#### WHAT THE TASK REQUIRES:
When the word "left" appears in a line of the data below, list that line.

#### DATA IN THIS EXERCISE:
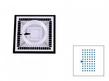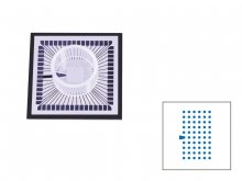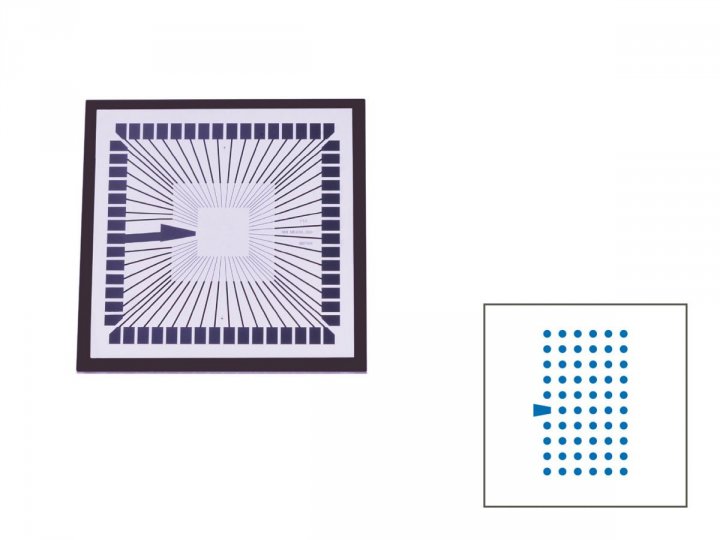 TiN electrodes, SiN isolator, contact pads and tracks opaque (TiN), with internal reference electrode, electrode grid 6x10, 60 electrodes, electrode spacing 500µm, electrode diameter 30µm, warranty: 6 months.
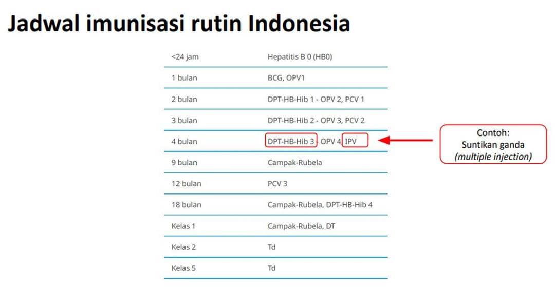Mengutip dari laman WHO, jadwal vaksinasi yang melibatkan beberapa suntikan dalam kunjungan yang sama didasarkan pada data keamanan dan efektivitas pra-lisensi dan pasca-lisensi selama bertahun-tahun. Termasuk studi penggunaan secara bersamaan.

--

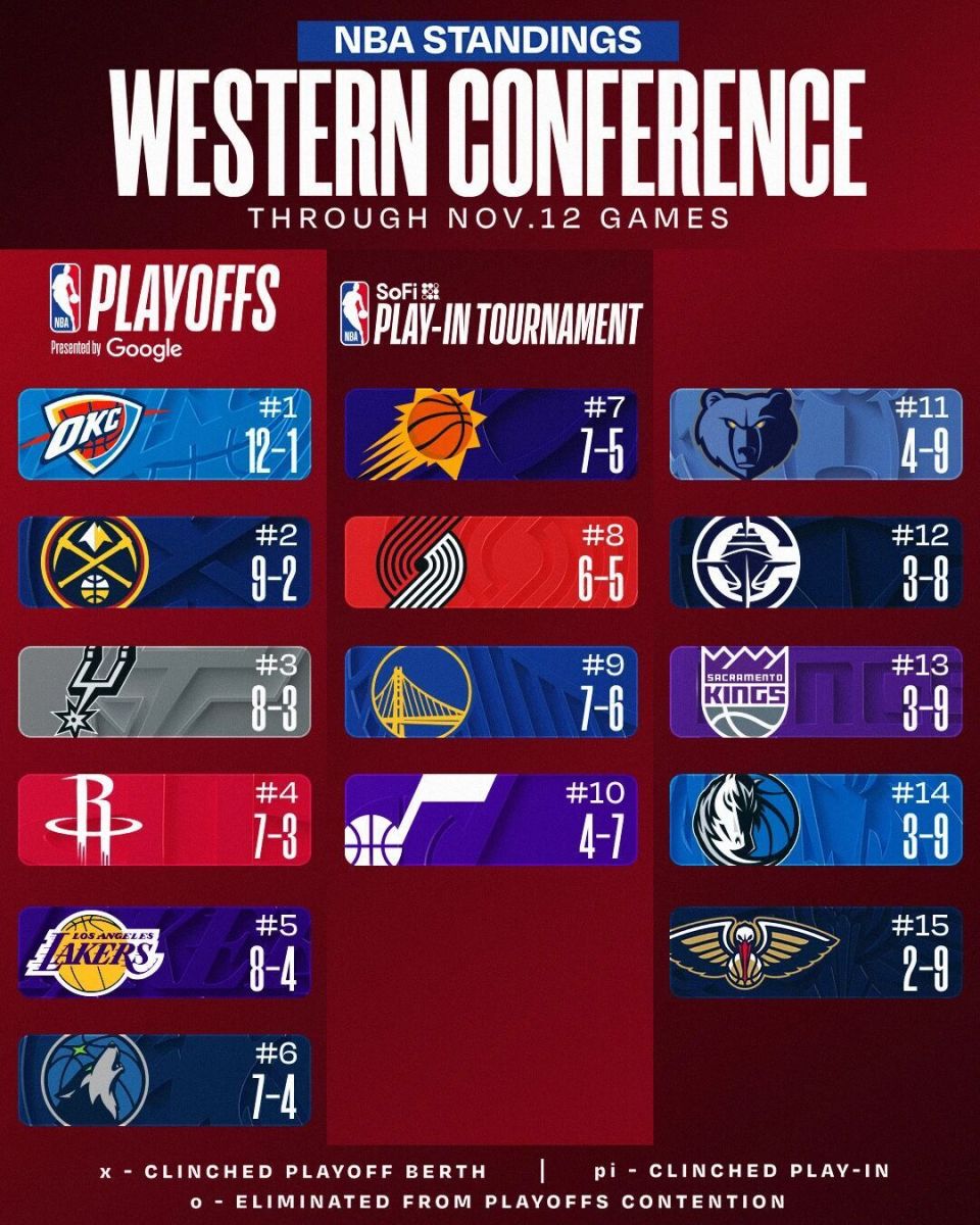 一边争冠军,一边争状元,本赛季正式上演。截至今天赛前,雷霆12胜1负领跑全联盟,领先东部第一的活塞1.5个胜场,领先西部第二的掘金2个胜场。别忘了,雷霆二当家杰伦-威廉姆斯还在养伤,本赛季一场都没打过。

==

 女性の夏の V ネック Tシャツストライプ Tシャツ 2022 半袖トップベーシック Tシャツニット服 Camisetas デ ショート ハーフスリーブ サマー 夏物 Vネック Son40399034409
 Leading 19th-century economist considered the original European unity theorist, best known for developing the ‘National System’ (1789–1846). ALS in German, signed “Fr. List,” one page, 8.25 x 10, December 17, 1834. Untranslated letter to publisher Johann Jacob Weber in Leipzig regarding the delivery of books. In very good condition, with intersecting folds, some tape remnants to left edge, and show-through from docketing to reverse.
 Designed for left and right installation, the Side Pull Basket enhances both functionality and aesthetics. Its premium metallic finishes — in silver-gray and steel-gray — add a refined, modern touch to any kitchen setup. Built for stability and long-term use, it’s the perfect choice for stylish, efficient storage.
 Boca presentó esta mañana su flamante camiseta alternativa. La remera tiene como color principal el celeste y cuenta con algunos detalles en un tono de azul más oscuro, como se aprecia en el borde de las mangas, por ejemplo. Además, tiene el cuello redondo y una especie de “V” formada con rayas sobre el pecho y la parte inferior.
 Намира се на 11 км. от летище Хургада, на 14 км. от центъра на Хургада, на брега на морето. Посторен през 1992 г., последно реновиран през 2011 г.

#### ANSWER BOX:
 Leading 19th-century economist considered the original European unity theorist, best known for developing the ‘National System’ (1789–1846). ALS in German, signed “Fr. List,” one page, 8.25 x 10, December 17, 1834. Untranslated letter to publisher Johann Jacob Weber in Leipzig regarding the delivery of books. In very good condition, with intersecting folds, some tape remnants to left edge, and show-through from docketing to reverse.
 Designed for left and right installation, the Side Pull Basket enhances both functionality and aesthetics. Its premium metallic finishes — in silver-gray and steel-gray — add a refined, modern touch to any kitchen setup. Built for stability and long-term use, it’s the perfect choice for stylish, efficient storage.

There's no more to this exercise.